Tim: Tim is vineyard manager and brother, too, of Skiddy. He’s on sick leave right now having had a double hip operation, but will hopefully back to full steam ahead shortly. He works closely with John on sustainability in the vineyard, trialling new grape varieties and organic methods.

Trevor: The bird-scarer, handy with his noisy gun as he whizzes around the vines on a quad bike.

Scotty: Scotty is the man in the big truck, ready to receive all the grapes collected by Skiddy in the harvester. Dependable to the last, turning up to pick up those grapes, even with flu!

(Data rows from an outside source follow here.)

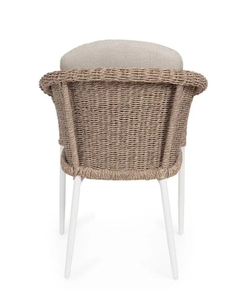 STRUTTURA E GAMBE IN ALLUMINIO VERNICIATE A POLVERE (POLIESTERE). SEDUTA RIVESTITA IN FIBRA SINTETICA (TONDA 3.5MM). CUSCINI SEDUTA E SCHIENALE SFODERABILI CON TESSUTO IDROREPELLENTE OLEFIN (100% POLIPROPILENE). IMPILABILE.
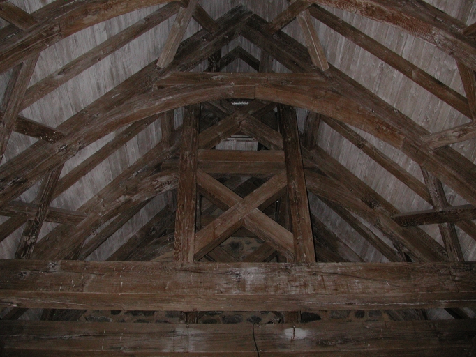 Vue de la charpente intérieure de la chapelle, en plein cintre, avec un seul vaisseauImmatriculation
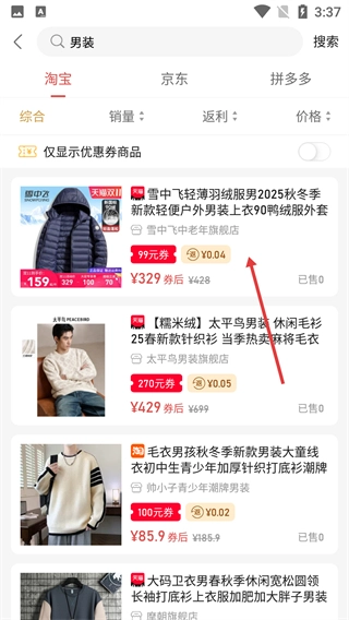 在男装商品列表页面挑选自己喜欢的商品(例如雪中飞轻薄羽绒服),然后点击进入该商品的详情页面。
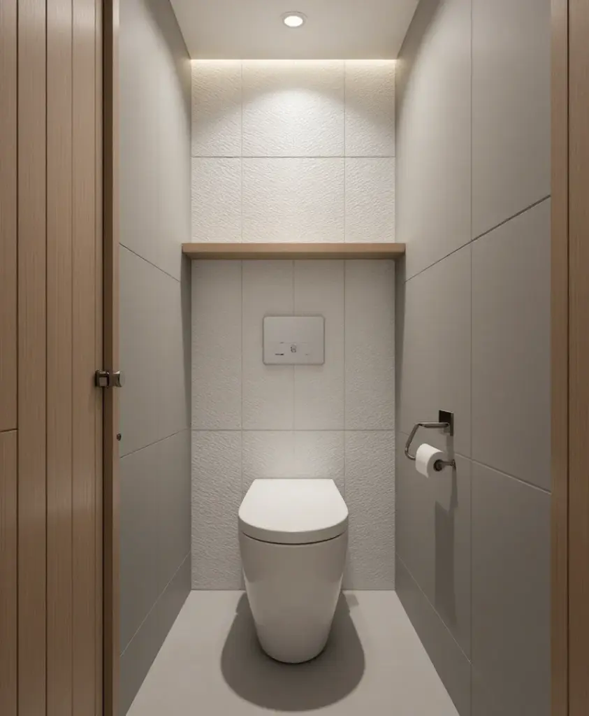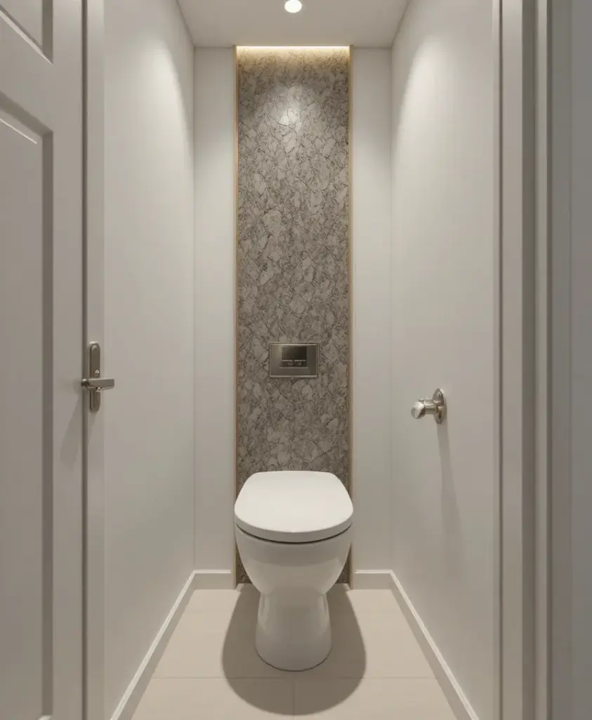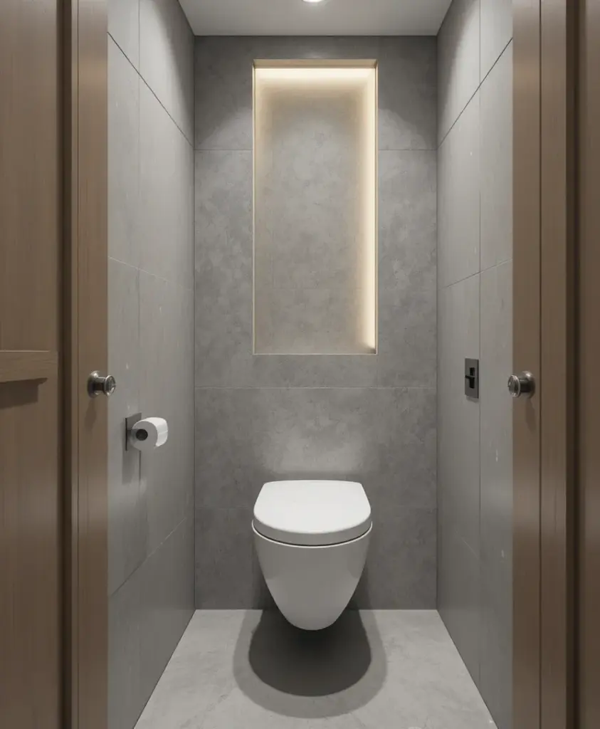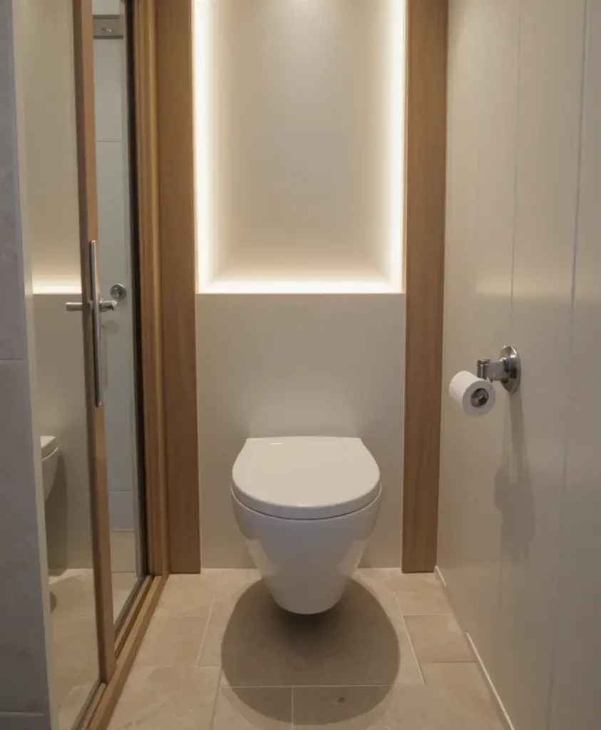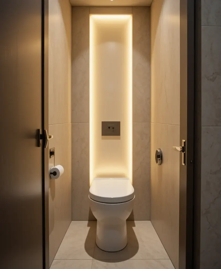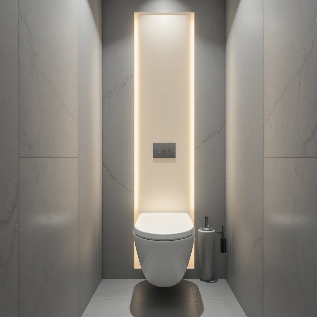 A vertical recessed lighting panel behind a slim toilet adds depth while visually increasing height. The soft glow creates a modern and luxurious feel without taking up space. Keeping surrounding finishes neutral ensures balance. This design works well in ultra-compact bathrooms.
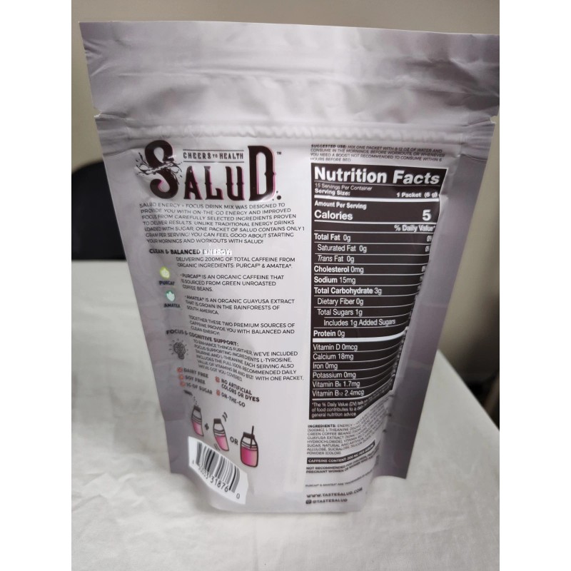 Salud 2-in-1 Hydration Packets Energy Focus Electrolytes Powder Dragon Fruit.
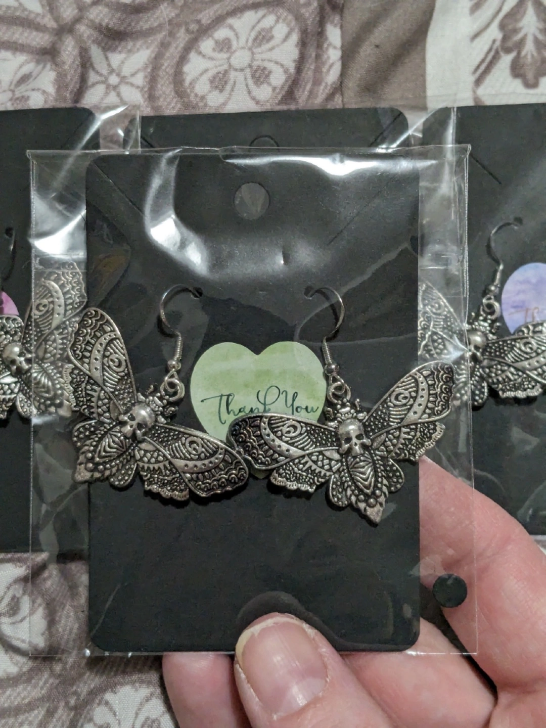 Designs include: moth skull, bat, crescent moon cat, ghost, and black cat/skeleton cat.
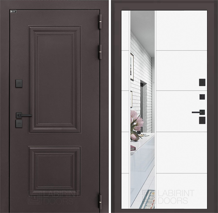 Комплектация уличной входной двери с терморазрывом Полярис Термо Лайт с зеркалом 19 (Муар коричневый / Белый софт):
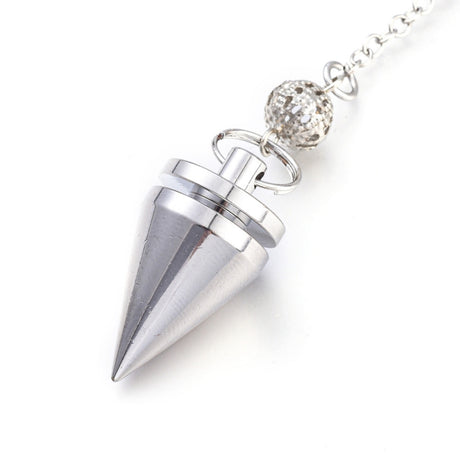 Pendulum divination is a method of divination that uses a weighted object, usually a crystal, wood, or metal pendulum, suspended from a chain or cord. The pendulum is held above a divination board or a person's energy field to receive answers to questions.
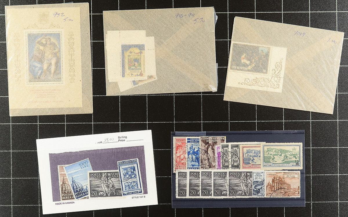 Accumulation of mint and used Vatican City, 1929-1998, containing roughly 1,000 stamps in a few formats including stock pages and a few hundred 102 cards. The lot is fairly organized and generally ranges from Scott #7/1086, including airmails and special delivery stamps. Each 102 card is identified using Scott numbers with most having current catalogue values, with a spot check of all the material indicating some singles and partial sets cataloguing $10 and up including #s 46 (used, $42.50), C16, C21-C23 (used, $59 total), leaving better finds to the dedicated collector. A good lot for the topical and thematic collector, overall fine to very fine. Estimate =
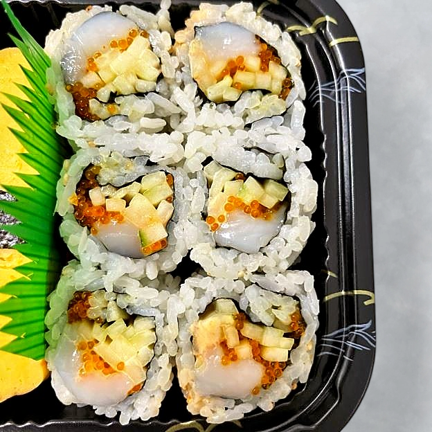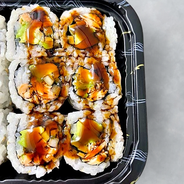 65 pieces. Includes spicy tuna maki, Alaskan maki, Red Sox maki, black widow maki, spicy escolar maki, crazy maki, avo-kyu maki, California maki, caterpillar maki, and crazy tuna maki.

Frankie: Frankie is the dog and Number One in the family. Nothing is too good for the lovely Frankie ... we are all willing to donate the best pieces of breakfast, lunch, dinner to please the pleading doe-eyed look of Frankie. Frankie is technically Beth’s. She arrived as a puppy, but a little later Beth had a 10-month stint in Spain, so John and Brigid ‘babysat’. Since then they have had ‘joint custody’.


Merlot: Merlot is Frankie’s best friend. A nippy hunter of a cat who snuggles up with Frankie whenever she’s given the opportunity and is very good at catching mice and lizards.

 Equally importantly, in front of house and behind the scenes, Forrest Wines has:

 Dan - the General Manager, Carlos from Chile who is key to IT and web design, Sam Forrest who is project and communications manager, Trevor who is National Sales Manager so is often on the road, Amanda and Mel who keep up all the office logistics and accounting. Then at the Cellardoor, you’ll be greeted either by Katrina, Nicky or Rebekah – visitors from cruise ships, bus tours, cyclists, vintage cellar hands, wine buffs and interested public are all greeted with a smile, great wines and as much information as you want to know.